In the above context, economic events can be viewed as events which change the quantity
or form of items which have value (for example (1) exchanging cash for a machine or (2)
selling a product in exchange for a promise to pay cash.
Stakeholders include all entities affected by a companys financial performance and
reports. Different stakeholders often have different priorities. Lenders are concerned
about available assets and cash to ensure they are repaid. Shareholders are concerned
about rate of return and risk (sometimes dividends too). Employees are interested in
company survival and job security. Local governments are concerned about collecting
taxes and jobs for people in the community. The different foci across shareholders often
cause different levels attention to selected financial statements and performance
measures.
The Income statement shows revenues and expenses for a period of time . . . usually
monthly (internal), quarterly and annual (external).
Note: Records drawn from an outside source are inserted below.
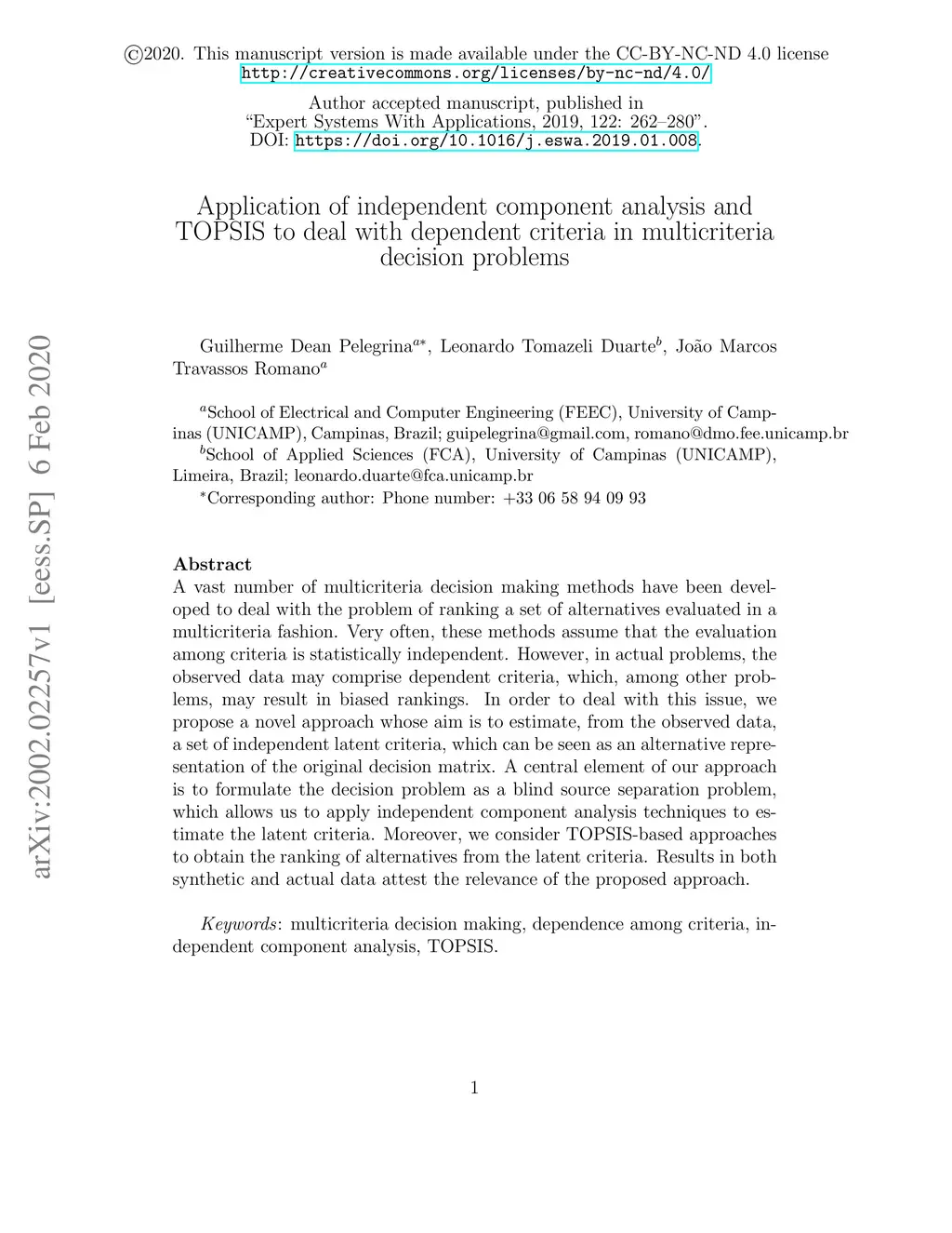 A vast number of multicriteria decision making methods have been developed to deal with the problem of ranking a set of alternatives evaluated in a multicriteria fashion. Very often, these methods assume that the evaluation among criteria is statistically independent. However, in actual problems, the observed data may comprise dependent criteria, which, among other problems, may result in biased rankings. In order to deal with this issue, we propose a novel approach whose aim is to estimate, from the observed data, a set of independent latent criteria, which can be seen as an alternative representation of the original decision matrix. A central element of our approach is to formulate the decision problem as a blind source separation problem, which allows us to apply independent component analysis techniques to estimate the latent criteria. Moreover, we consider TOPSIS-based approaches to obtain the ranking of alternatives from the latent criteria. Results in both synthetic and actual data attest the relevance of the proposed approach.
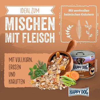 Der vegetarische Happy Dog NaturCroq Flocken-Mixer eignet sehr gut für selbst zubereitete Rationen, wie Selbstgekochtes, BARF oder in Kombination mit unseren Sensible Pure Dosen. Fleisch ist zwar wertvoll, aber allein nicht vollwertig und ausreichend! Zu einer artgerechten und ausgewogenen Hundeernährung gehört auch eine vielfältige und hochverdauliche Pflanzenkost mit ihren Wirk- und Ballaststoffen.
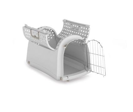 Wykonany z trwałego, łatwego do czyszczenia tworzywa, błękitno-szary Linus Cabrio łączy nowoczesny wygląd z praktycznymi rozwiązaniami. Wyposażony w otwierany dach typu cabrio, zapewnia wygodny dostęp do zwierzaka i ułatwia jego wkładanie oraz wyjmowanie – bez stresu i szarpania.
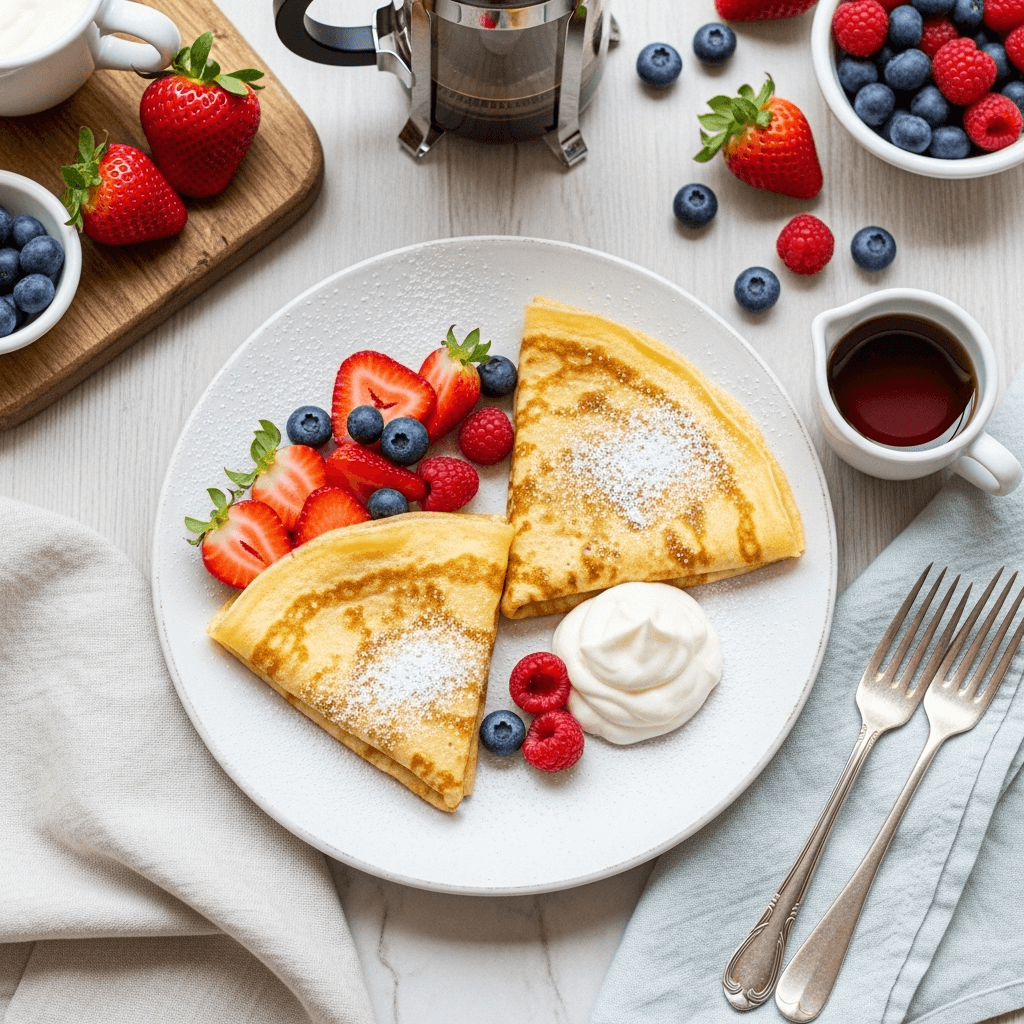 These homemade crepes work for virtually any occasion: leisurely weekend breakfasts, elegant brunch gatherings, Mother’s Day celebrations, Valentine’s Day morning treats, or even as a light dinner option when filled with savory ingredients. Fill them with Nutella and bananas, fresh berries and whipped cream, lemon and sugar, ham and cheese, or sautéed vegetables—the possibilities are truly endless.
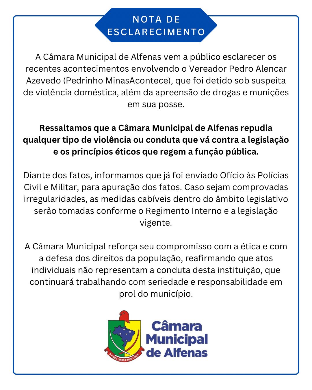 Na nota, o Legislativo disse que enviou à Polícia Civil e a Polícia Militar ofícios para apuração do caso e, se comprovada irregularidades, medidas com base no Regimento Interno serão adotadas. "A Câmara Municipal de Alfenas repudia qualquer tipo de violência ou conduta que vá contra a legislação e os princípios éticos que regem a função pública", diz a nota.
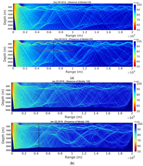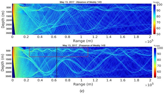 The transmission loss of sound signals in the absence of Meddy 120 (top) and in its presence (bottom), with Meddy location (framed in red) (a) on 9 December 2014; (b) on 25 January 2016; and (c) on 13 May 2017.
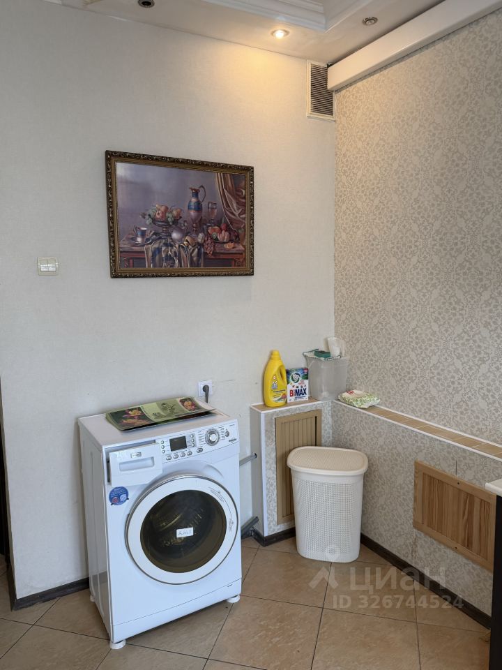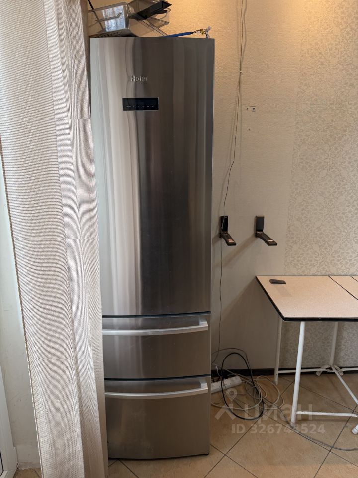 Кухня оборудована техникой: холодильник, плита и стиральная машина.
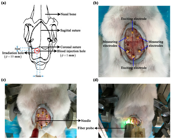 Localized intracerebral hemorrhage and ischemic models. (a) Schematic diagram. (b) Electrode distribution for in vivo measurement of whole-brain impedance spectra. (c,d) Intracerebral hemorrhage model (autologous blood injection method) and ischemic model (photochemical induction method).
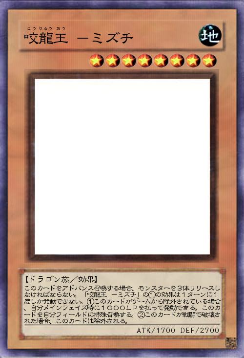 | このカードをアドバンス召喚する場合、モンスターを3体リリースしなければならない。「咬龍王 -ミズチ」の①の効果は1ターンに1度しか発動できない。①このカードがゲームから除外されている場合、自分メインフェイズ時に1000LPを払って発動できる。このカードを自分フィールドに特殊召喚する。②このカードが戦闘で破壊された場合、このカードは除外される。 | |||
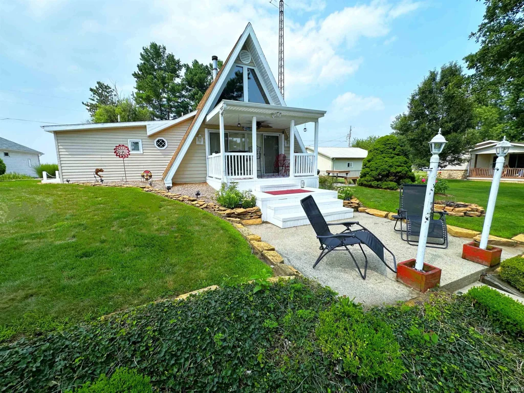 This charming A-frame offers plenty of pluses, perched on a level, low-bank lot with 75’ of waterfront, a covered permanent boat & double jet skis lift, & a covered vinyl lake-view deck off of the house. Inside you’ll experience the light & bright/spacious feel provided by the cathedral-like design, where you will find the main living room w/fireplace, upper bedroom, and a loft. Main floor bedroom includes a 1/2 bath, additional all-purpose room w/laundry, & a private entrance. A nice-sized kitchen, full bathroom, & mechanical/storage room complete the main level. Well maintained, cozy interior, picturesque lot, this waterfront getaway gets an A+ for enjoying the lake life!

Balance sheet shows assets (what a company owns), liabilities (what a company owes to
others), and equity (the residual value to shareholders). A = L + E
The statement of stockholders equity reconciles beginning of the period equity to end of
the period equity.

The Statement of Cash Flows shows the sources and uses of cash from three activities:
operations, financing and investing.
Each of the 4 financial statements is articulated with at least one other financial statement
(e.g., net income from the income statement flows into retained earnings on the balance
sheet). See Exhibit 1.2.
Return on Assets = Profitability x Productivity, the ability to produce profits from sales x
the ability to generate sales from assets. This is, more specifically, return on sales (net
income/assets) times asset turnover (sales/assets?)
Return on equity is an overarching measure of profits as a % of equity. This can be
derived from the product of return on assets and financial leverage (ROA x FLEV) where
FLEV = Assets/Equity.
The business environment is often analyzed using Porters 5-Forces (see page 1-21) as
well as looking at broader factors (1-22:1-23). On average the economy and industry
conditions account for over 60% of company performance (lecture).